1 Department of Cardiology, University Hospital of Ioannina, Greece.
1 Department of Cardiology, University Hospital of Ioannina, Greece
Clin Med Res. 2023 Mar;21(1):26-35. doi: 10.3121/cmr.2022.1759.
Metformin, commonly prescribed in diabetic patients, can cause lactic acidosis. Although generally rare, this side effect remains a source of concern in procedures requiring contrast media, due to the risk of contrast-induced nephropathy. Temporarily withdrawing metformin during the peri-procedural period is often practiced, but clinical decisions are difficult in emergency situations, such as acute coronary syndromes. In this systematic review with meta-analysis, we aimed to further investigate the safety of percutaneous coronary interventions in patients on concurrent metformin therapy. We analyzed studies in patients undergoing (elective or emergency) percutaneous coronary interventions with or without concurrent metformin administration, reporting on the incidence of metformin-associated lactic acidosis and peri-procedural renal function. PubMed, ClinicalTrials.gov, Cochrane Library, and Scopus were systematically searched without language restrictions throughout August 2022. Randomized clinical trials and observational studies were assessed with the Revised Cochrane Collaboration Risk of Bias tool and the Newcastle-Ottawa quality scale, respectively.
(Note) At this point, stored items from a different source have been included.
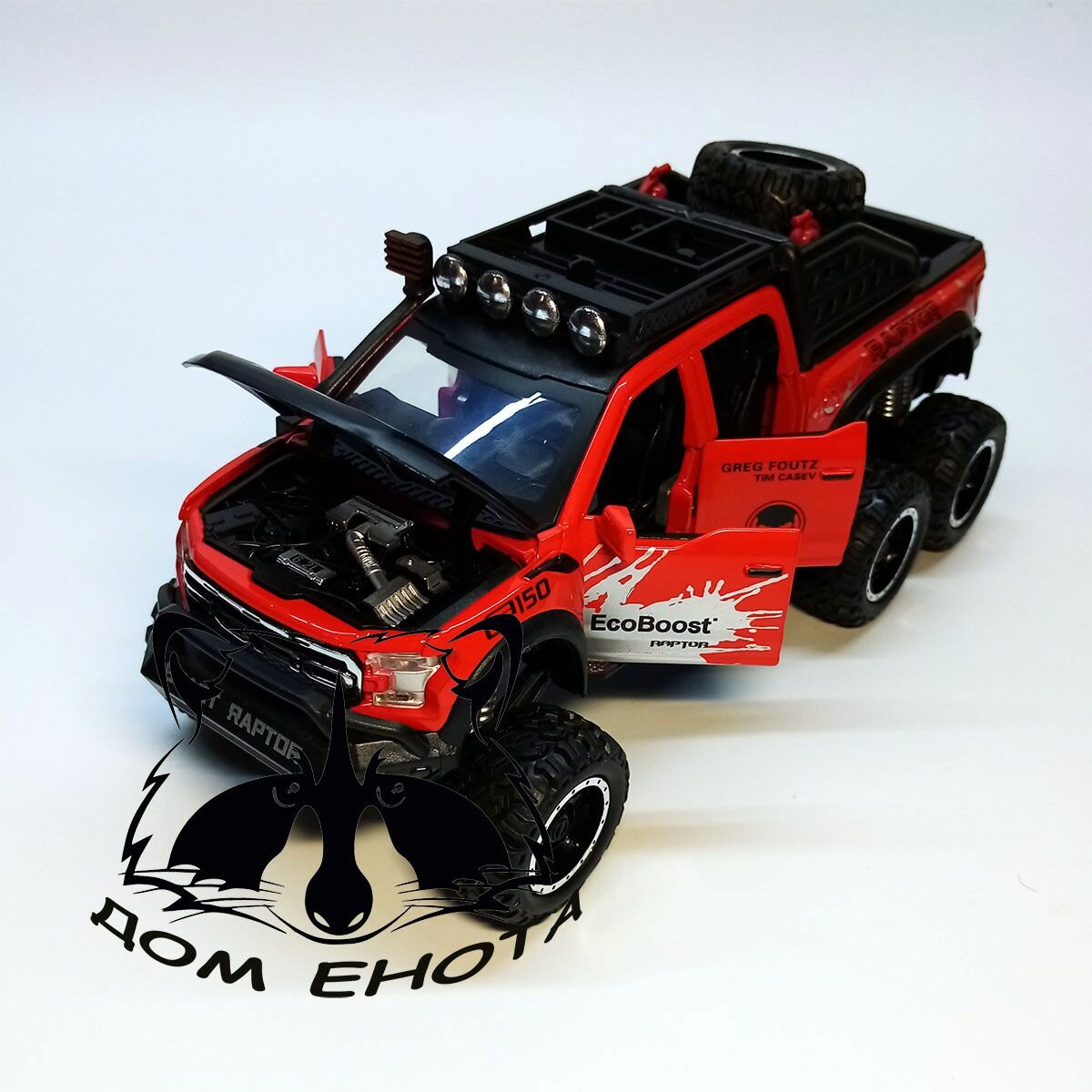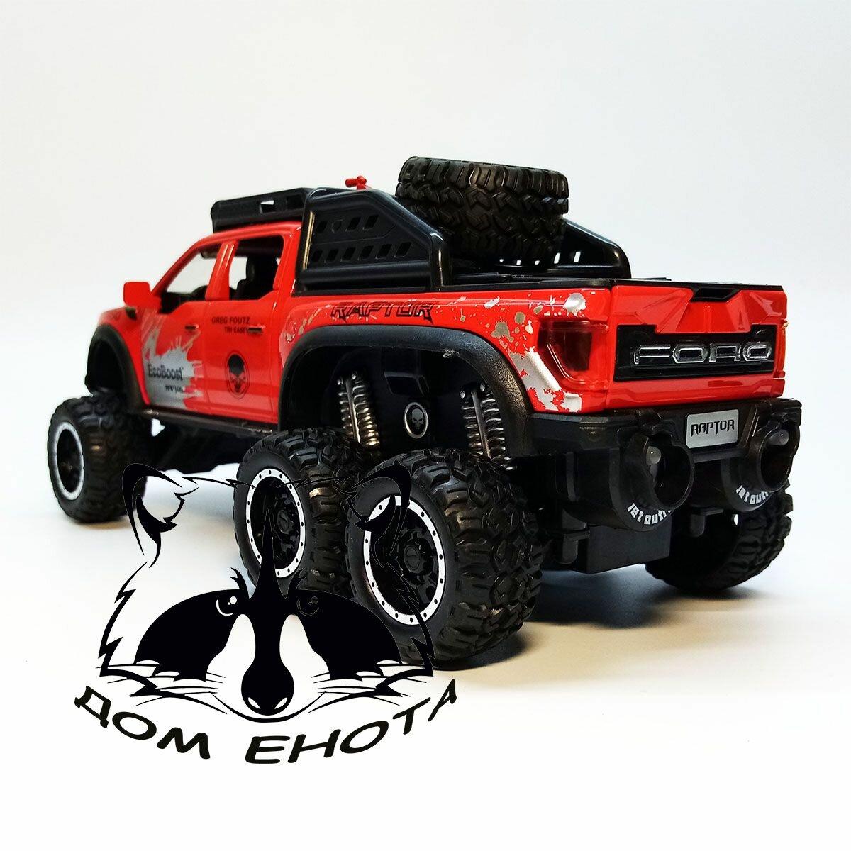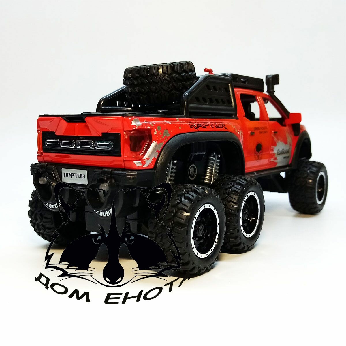 Купить Машинка Форд Раптор с дымом. Металлическая модель автомобиля Ford Raptor внедорожник 6х6 красный 21см. Инерционная игрушка машина 1:24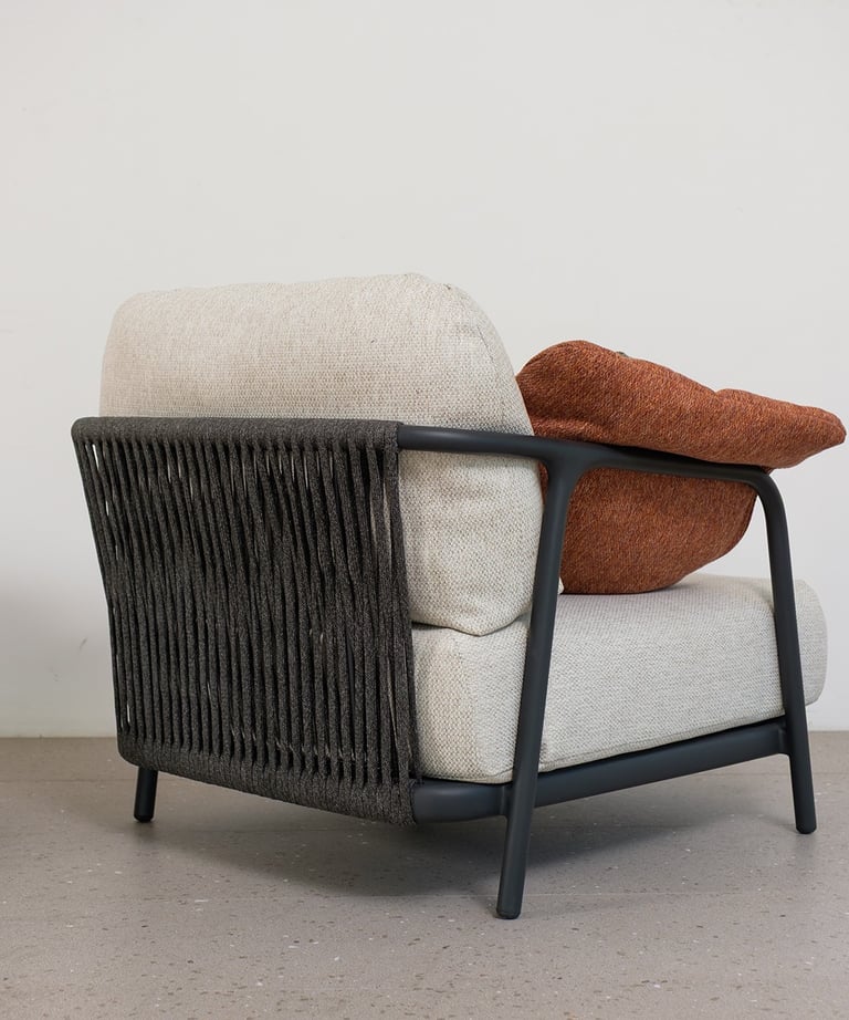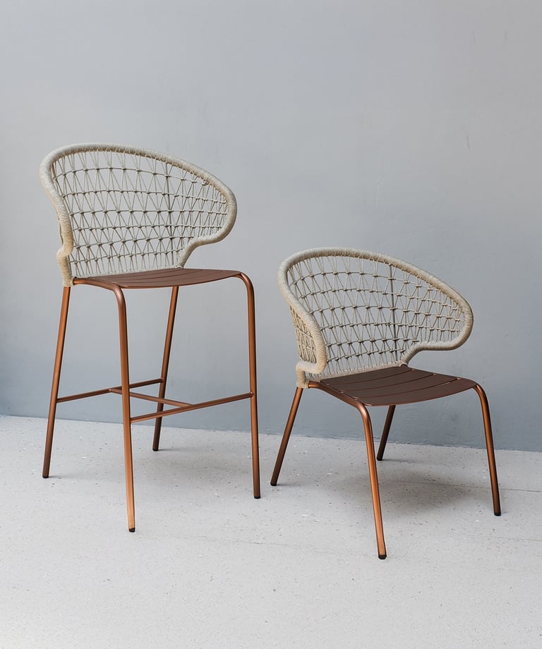 Outdoor furniture collections designed with woven details and alumunium structures.
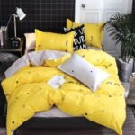 Lenjerie Bumbac Finet, Cearceaf Clasic, 6 Piese, Pat Dublu, Clasic, Galben, Gene, Steluțe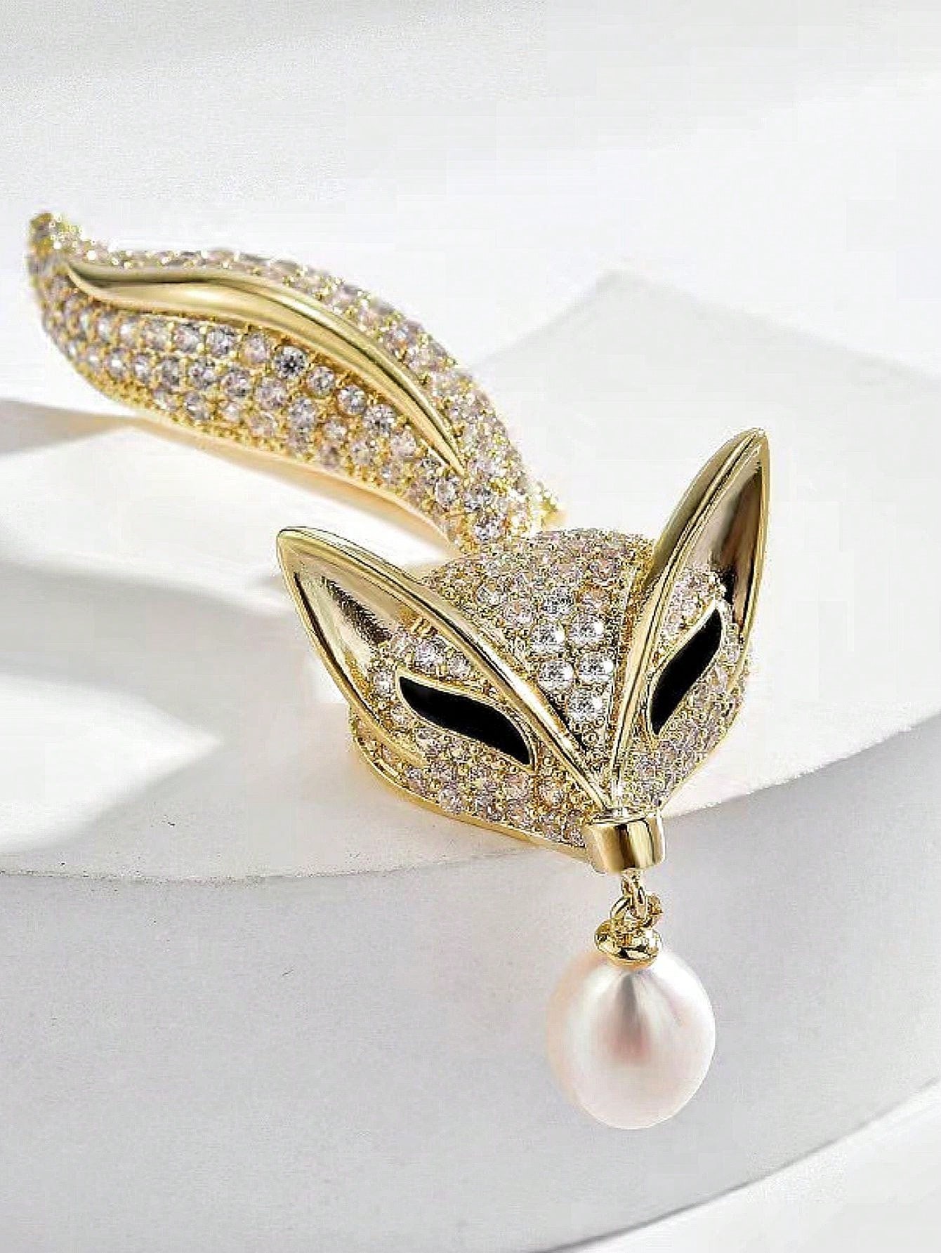 2024 Fashion Madeline Designer & Pearl Decor Handmade Pure Copper Brooch In Golden Fox Shape, Suitable For Parties, Jumpers & Street Style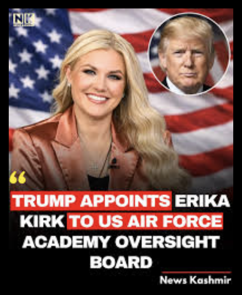 Next Movie scene: Erika Kirk is appointed to the UNITED STATES AIR FORCE, part of the Space Force, replacing her late husband Charlie JAMES KIRK.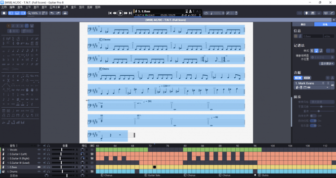 Guitar Pro8最大的特色就是可以直接用鼠标和键盘按标准的六线谱、四线谱进行乐谱输入、查看、打印和试听,可以实时、自动滚屏、多种模式的显示单声部或乐曲总谱,在做弹拨乐器的滑音、倚音、推弦、揉弦、泛音、摇把、闷音、琶音、分解和弦、BASS打弦等方面有绝对的优势。同时,Guitar Pro在吉他和弦、把位的显示、查询、推算、调用等方面,也非常的方便。 guitar pro是一款优秀的吉他学习辅助软件,无论是初学者还是吉他的资深玩家,都能够使用guitar pro帮助自己学习吉他弹奏。guitar pro作为一款专门为吉他打造的软件,自然是可以编写吉他和弦的,我们在guitar pro软件左侧可以添加音符来组成和弦,guitar pro简洁的界面,使得我们能够快速地制作出吉他和弦。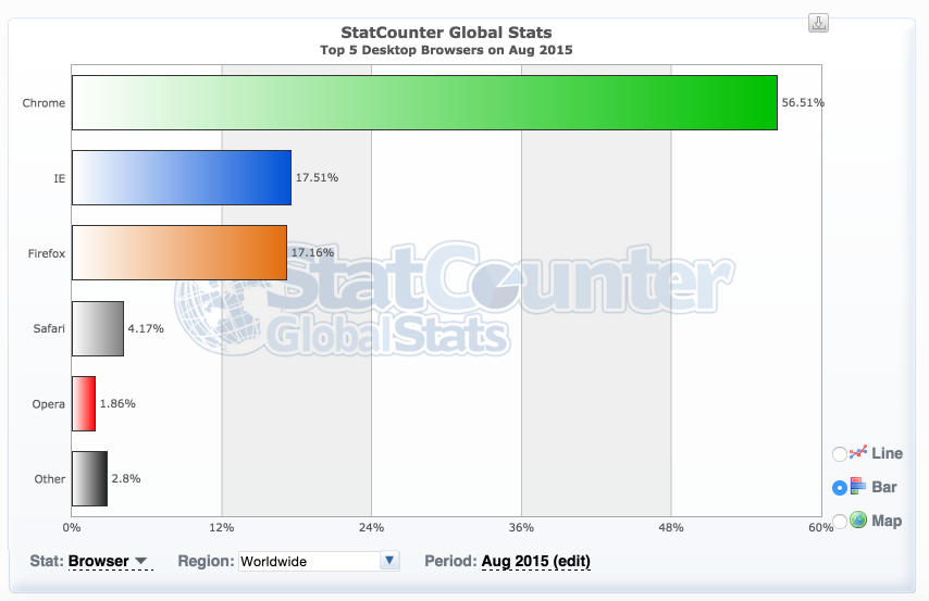 圖示:2015年8月全球不同瀏覽器市場占有率統(tǒng)計(數(shù)據(jù)來自StatCounte)

Data synthesis addressed the mean drop in estimated glomerular filtration rate (eGFR) and the incidence of contrast-induced nephropathy, in addition to lactic acidosis. Nine studies were included, totaling 2235 patients (1076 continuing metformin during the peri-procedural period), mostly with eGFR above 30 mL/min/1.73m No cases of lactic acidosis were reported. The mean post-procedural drop in eGFR was 6.81mL/min/1.73m (95% confidence interval [CI]: 3.41 to 10.21) in the presence of metformin and 5.34 mL/min/1.73m (95% CI: 2.98 to 7.70) in its absence. The incidence of contrast-induced nephropathy was not affected by concurrent metformin, as shown by a (between-groups) standardized mean difference of 0.0007 (95% CI: -0.1007 to 0.1022). Concurrent metformin during percutaneous coronary interventions in patients with relatively preserved renal function is safe, without added risk of lactic acidosis or contrast-induced nephropathy. Thus, emergency revascularization in the context of acute coronary syndromes should not be deferred. More data from clinical trials in patients with severe renal disease are needed.
二甲双胍常用于治疗糖尿病患者,但可能导致乳酸酸中毒。虽然这种副作用较为罕见,但在需要使用造影剂的检查中,它仍是导致造影剂肾病的一个隐患。因此,在围手术期通常会停用二甲双胍,但在急性冠脉综合征等紧急情况下,临床决策会比较困难。本系统回顾性Meta 分析旨在进一步探讨在接受经皮冠状动脉介入治疗的患者中同时使用二甲双胍的安全性。我们分析了接受(选择性或紧急)经皮冠状动脉介入治疗的患者的研究,这些患者同时使用或未使用二甲双胍,报告二甲双胍相关乳酸酸中毒和围手术期肾功能的发生率。在整个 2022 年 8 月,我们对 PubMed、ClinicalTrials.gov、Cochrane 图书馆和 Scopus 进行了系统搜索,没有语言限制。随机临床试验和观察性研究分别使用修订后的 Cochrane 协作风险偏倚工具和纽卡斯尔-渥太华质量量表进行评估。数据综合分析了估计肾小球滤过率(eGFR)的平均下降情况以及造影剂肾病的发生率,此外还分析了乳酸酸中毒的发生率。共纳入 9 项研究,总计 2235 例患者(1076 例在围手术期继续使用二甲双胍),eGFR 大多超过 30mL/min/1.73m。没有报告乳酸酸中毒的病例。在使用二甲双胍的情况下,术后 eGFR 的平均下降值为 6.81mL/min/1.73m(95%置信区间:3.41 至 10.21),而在未使用二甲双胍的情况下为 5.34mL/min/1.73m(95%置信区间:2.98 至 7.70)。在存在二甲双胍的情况下,造影剂肾病的发生率没有受到影响,组间标准化均数差值为 0.0007(95%置信区间:-0.1007 至 0.1022)。在肾功能相对保留的患者中,在经皮冠状动脉介入治疗期间同时使用二甲双胍是安全的,不会增加乳酸酸中毒或造影剂肾病的风险。因此,不应推迟急性冠脉综合征患者的紧急血运重建。需要更多来自严重肾功能障碍患者的临床试验数据。